He lifted the scarlet liquid to his lips and took a respectful swallow—even a country boy knows that you don’t toss back a Deerfield red like water—and the rest of the room followed suit. They all sat for a moment with their heads bowed over their glasses, cups, and tankards.

As Justis sat down, he thought he heard Lindley add, low-voiced, “. . . and last Wizard of the Land.”

THE KING AWOKE WITH THE KNOWLEDGE THAT SOMETHING terrible had happened. Over and over he had dreamed it, that his heart was being pulled out of his body, the muscle stretched like a cord that must ultimately break. He cried out and woke—this time, not to more dreams of grief with men in long robes performing sad rituals in a strange tongue, but to a bright, clean room that smelt of salt and beeswax.

His body ached all over, with sharper pangs in his arms and at his ribs. He was terribly thirsty and the taste of something sweet was in his mouth. The ceiling flickered with a restless, rippling pattern of light, like the river reflections in a Riverside tavern. The room was rocking gently. Was he on a barge?

When he struggled upright, he discovered how weak he was—his muscles like water, his head swimming dizzily with each movement. But his heart was pulling him to the window, the pain of his desire more poignant than his bandaged wounds. Grimly, he pushed back the coverlet, swung his feet to the floor, and hauled himself, sweating, two steps to the tiny window and looked out.

They heard his cry up on the main deck.

The Land! The Land was nowhere in sight.

He was shouting now, holding on to the window like a prisoner in a cell. Sophia appeared and pulled him away from it, held him to her on the cabin floor while he wept and ground his knuckles into the wool of her skirt. “Theron, hush, it’s all right. It will be all right. . . .”

“I’m bound to the Land,” he cried. “You’re killing me; take me back!”

She had wanted him to wake and to be strong, but this was closer to the madness of fever. “Theron, please, my darling, my child . . . look at me. Please. You are hurting yourself, my love, you must stop. . . .”

It was her voice that soothed him, more than her words. He breathed deeply, as she told him to, and the pain receded to where he could bear it. He let her feed him a syrup that sent him back to sleep. When he woke again, he was less frightened, but sadder. His mother gave him honey to eat. “We are going back to Kyros,” she smiled, “where you will find the honey is even sweeter than this.
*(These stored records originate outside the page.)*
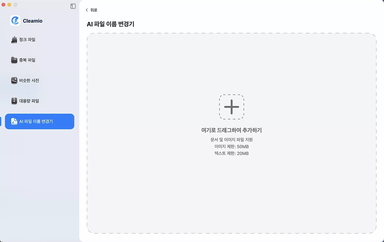2단계: "+" 아이콘을 눌러 이름을 변경하고 싶은 파일이나 폴더를 추가하거나, 드래그 앤 드롭으로 직접 추가합니다.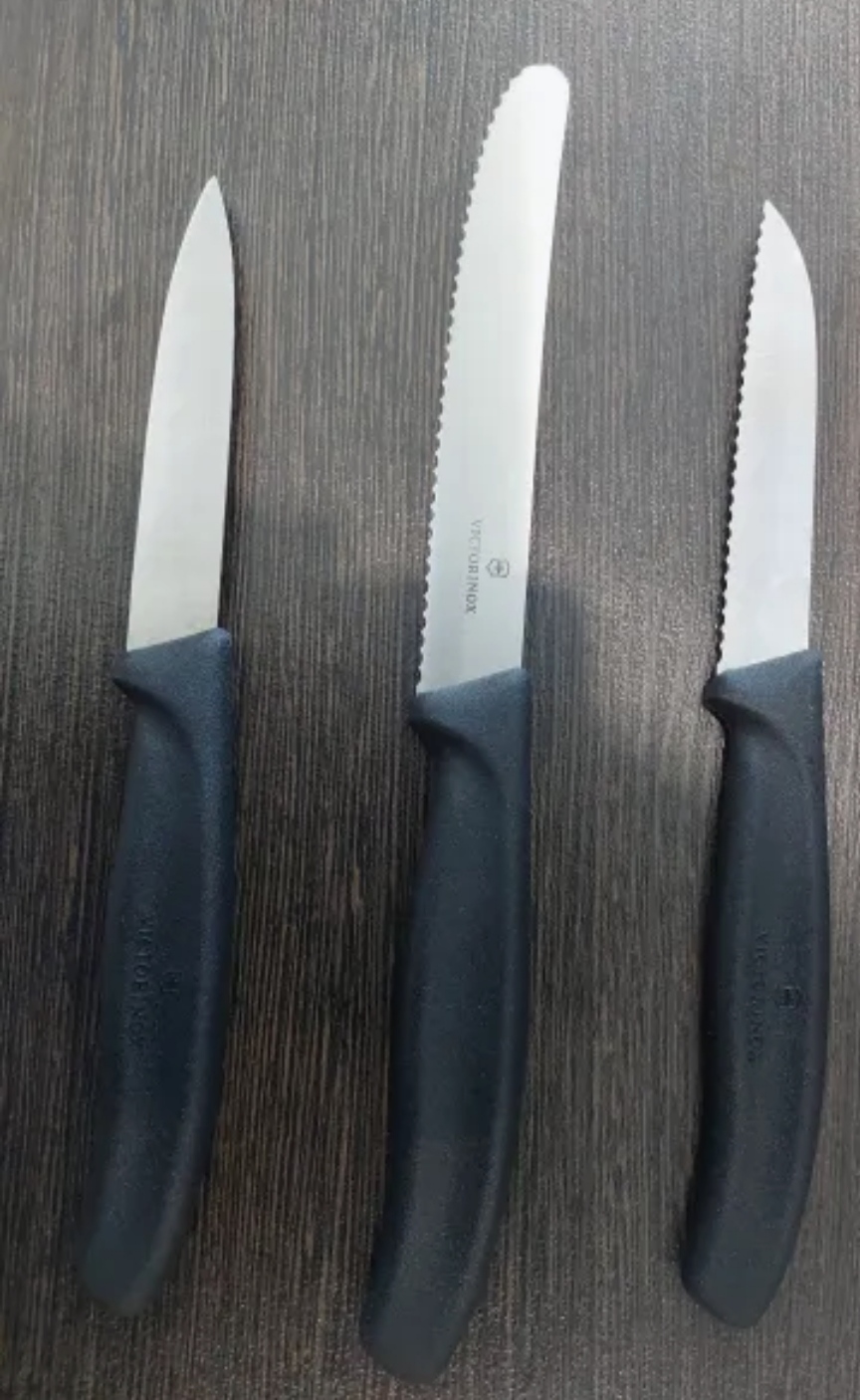 Отличные ножи, которые своим качество полностью оправдывают стоимость. Удобно, что в одном наборе сразу три разных ножа. Пользуюсь теперь только ими.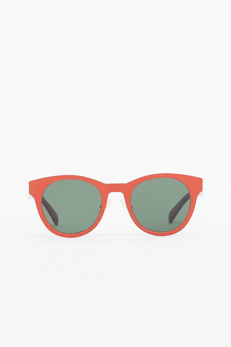 Pre-owned Celine orange and red CL41452/S sunglasses featuring round titanium frames, nose pads, and logo at interior.

You will be well there, my son.”

The ship sang in its ropes and sails the song the wind taught it. He heard men’s voices, and women’s, too, shouting orders and cursing and telling jokes and singing. His sister Jessica came in, sunbrowned and trousered. He clutched her callused hand. “Take me back, Jess. I need to go back.”

“No, you don’t,” she said curtly. “Be still and listen, and I’ll tell you why.”

“You don’t know—”

“I know more than you think. Much more, in fact. You told me things in the Folly, and you’ve said things when you’re asleep. And I’ve been doing a little reading. So listen to me.”

He lay back in the pillows. She sat on a stool beside the bunk and fixed him with her bright eyes.

“You need to be away,” she told him. “You need to be washed clean. Some of what has happened to you will stay with you, and that’s the good part, the true part, the part that should stay. Some of it will not stay: you’ll forget, and it’s just as well; that part’s no good to you. You gave up a lot of your blood. You left it behind on the steps of the University; it’s gone into the Land. What is new in you, you make yourself. That new blood is yours, to do what you want with, for now and always.”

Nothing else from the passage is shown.